# [Problem to work on]
Pictures are to be left out. Copy exactly, and only, the lines from the start of the entries below to the line with "Das ist das", both included.

# [Task input]
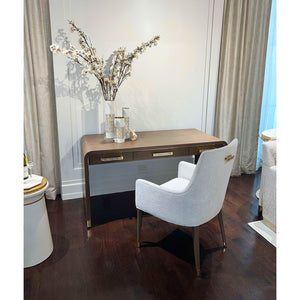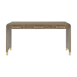 The Dark Hollywood Regency Desk blends timeless form with luxurious detail. Its elegant waterfall silhouette is softened by rounded corners and wrapped in a warm mink wood finish. Polished brass trim outlines the frame, while mother-of-pearl inlaid pulls add a subtle, shimmering touch to the three front drawers.
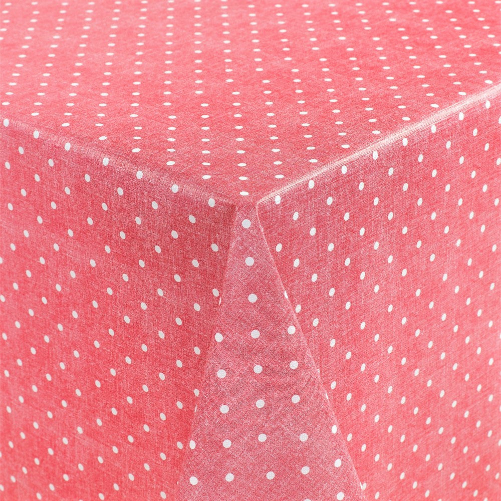 Polkaprikker på rød/pink bund - Rund voksdug med elastik Er i restordre og vil blive afsendt, så snart det er tilbage på lager.
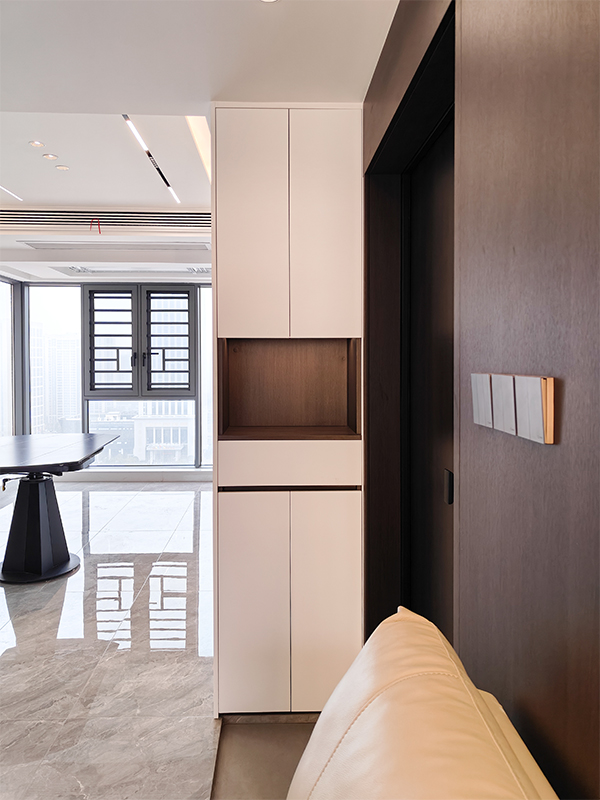 線條干凈利落,不僅給予屋主超好的觀影視線,也能將公區(qū)的零零碎碎裝入其中
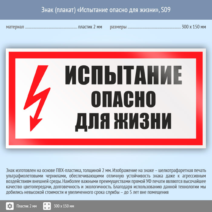Знак (плакат) «Испытание опасно для жизни», S09 (пластик, 300х150 мм) в Улан-Удэ купить
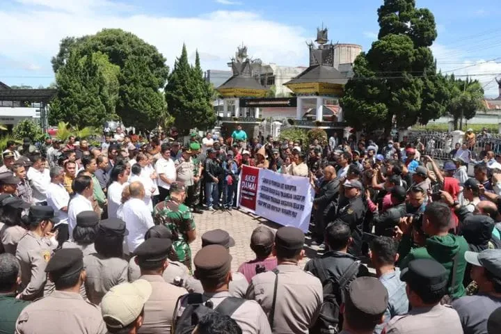 Puluhan massa yang tergabung dalam Rakyat Karo Bersuara menggelar aksi damai di depan gedung DPRD Karo.
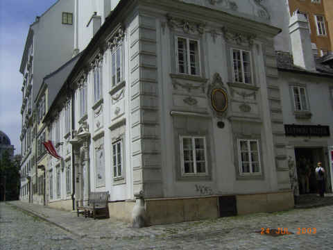 Das ist das Dreimädelhaus. Hier wohnte am Anfang des 19. Jahrhunderts ein Glasermeister mit seinen drei Töchtern Hannerl, Hederl und Heinderl.
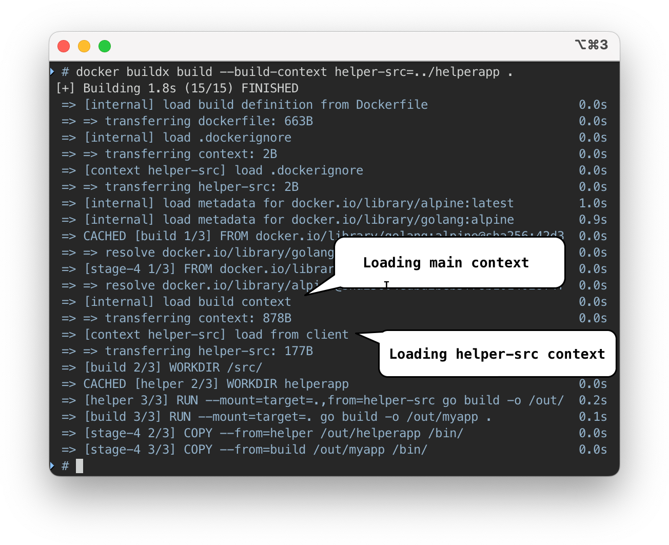 FROM alpine AS helper-clone RUN apk add git WORKDIR /src ARG HELPERAPP_VERSION=1.0 RUN git clone https://github.com/someorg/helperapp.git && cd helperapp && git checkout $HELPERAPP_VERSION FROM scratch AS helper-src COPY âfrom=helper-clone /src/helperapp / FROM golang:alpine AS helper WORKDIR helperapp RUN âmount=target=.,from=helper-src go build -o /out/helperapp . FROM alpine COPY âlink âfrom=helper /out/helperapp /bin COPY âlink âfrom=build /out/myapp /bin
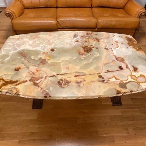Vardagsrums bord, konst marmor, lös skiva som ligger på två vinklade ben, tungt
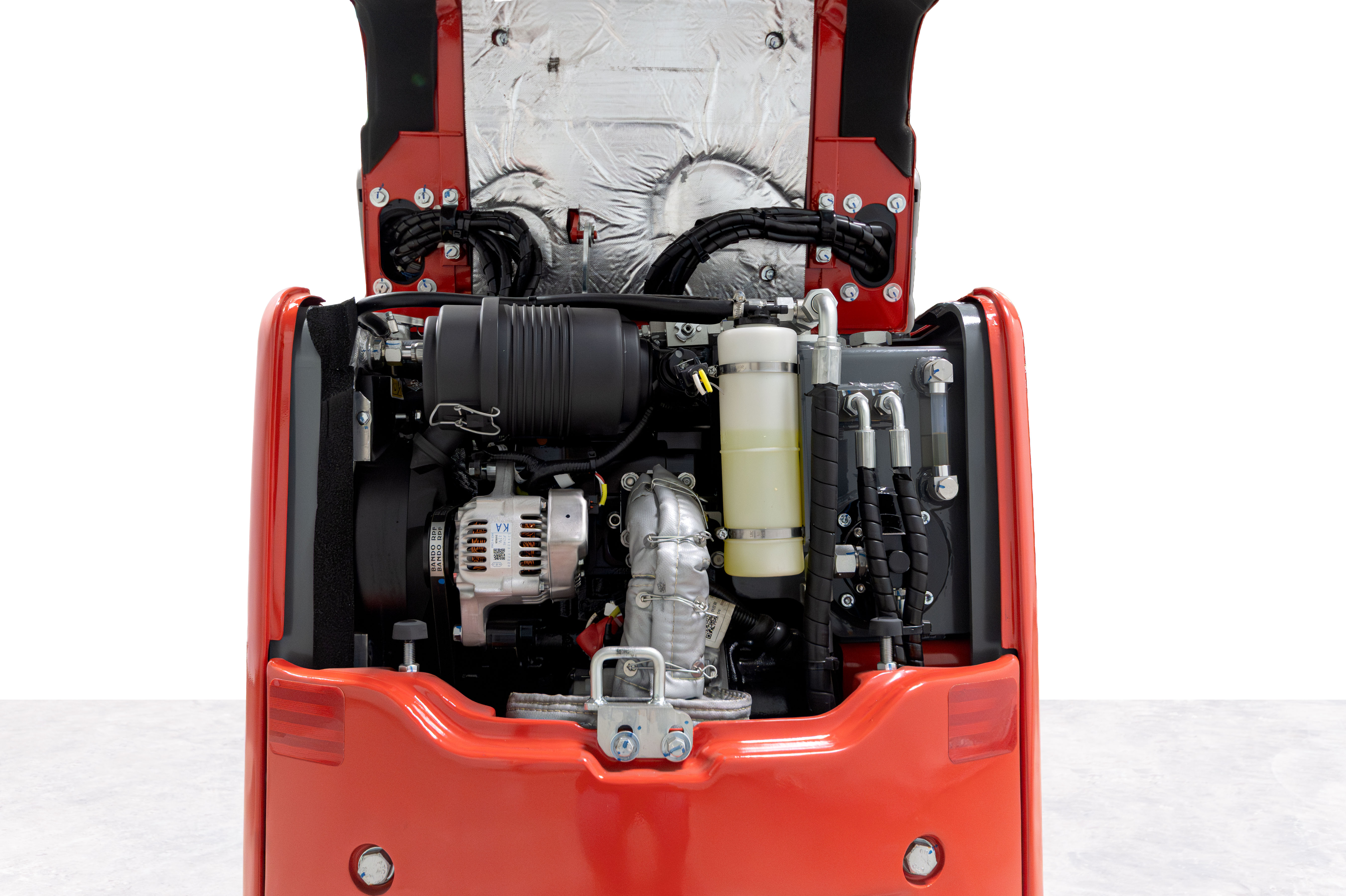 Die klappbare Motorhaube gibt den größten Teil des Motors frei, Wartungen gehen schnell von der Hand.
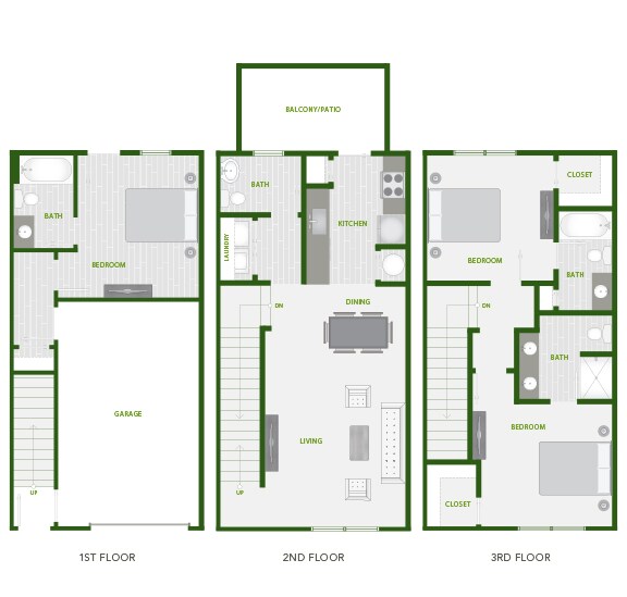 1 Dormitorio, 1 Baño, 850 pies²Disponible AhoraGalería del Modelo
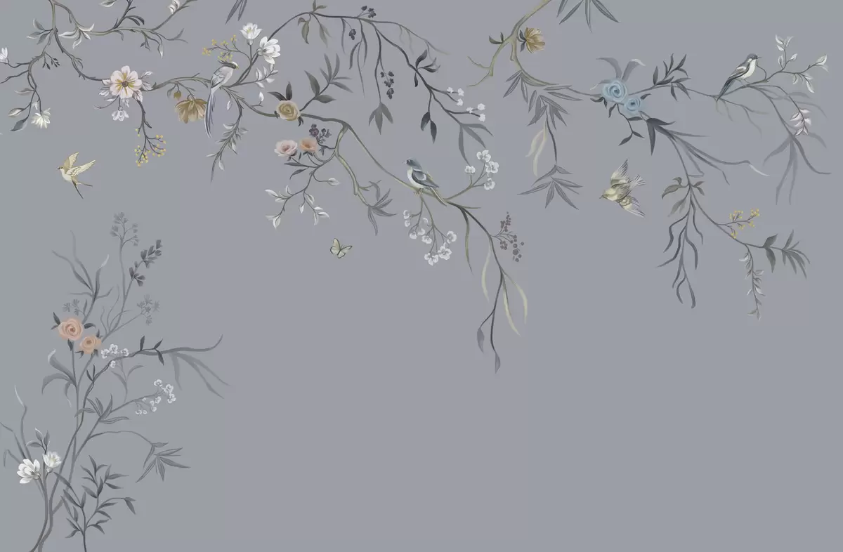 Fotomurales Ramas florales con pájaros sobre fondo verdoso Nr. w05127v5
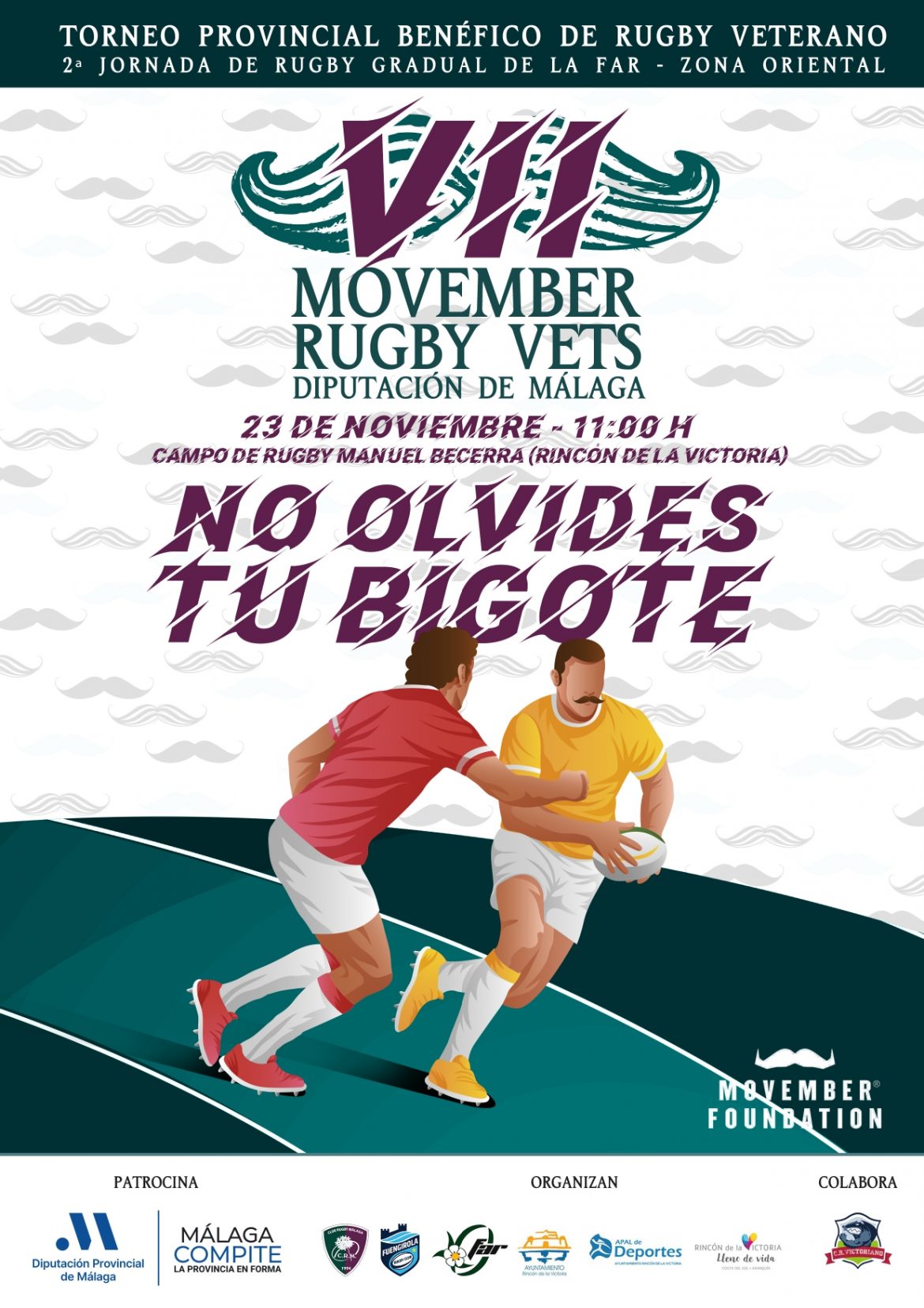 Rincón de la Victoria acogerá una nueva edición del Movember Rugby Vets que se celebrará el próximo 23 de noviembre en el Campo de Rugby Manuel Becerra organizado por el Club de Rugby Málaga, el Ayuntamiento de Rincón de la Victoria, a través de las Áreas de Deportes y Turismo, y en colaboración con el C.R. Victoriano.

# [Output for this task]
 The Dark Hollywood Regency Desk blends timeless form with luxurious detail. Its elegant waterfall silhouette is softened by rounded corners and wrapped in a warm mink wood finish. Polished brass trim outlines the frame, while mother-of-pearl inlaid pulls add a subtle, shimmering touch to the three front drawers.
 Polkaprikker på rød/pink bund - Rund voksdug med elastik Er i restordre og vil blive afsendt, så snart det er tilbage på lager.
 線條干凈利落,不僅給予屋主超好的觀影視線,也能將公區(qū)的零零碎碎裝入其中
Знак (плакат) «Испытание опасно для жизни», S09 (пластик, 300х150 мм) в Улан-Удэ купить
 Puluhan massa yang tergabung dalam Rakyat Karo Bersuara menggelar aksi damai di depan gedung DPRD Karo.
 Das ist das Dreimädelhaus. Hier wohnte am Anfang des 19. Jahrhunderts ein Glasermeister mit seinen drei Töchtern Hannerl, Hederl und Heinderl.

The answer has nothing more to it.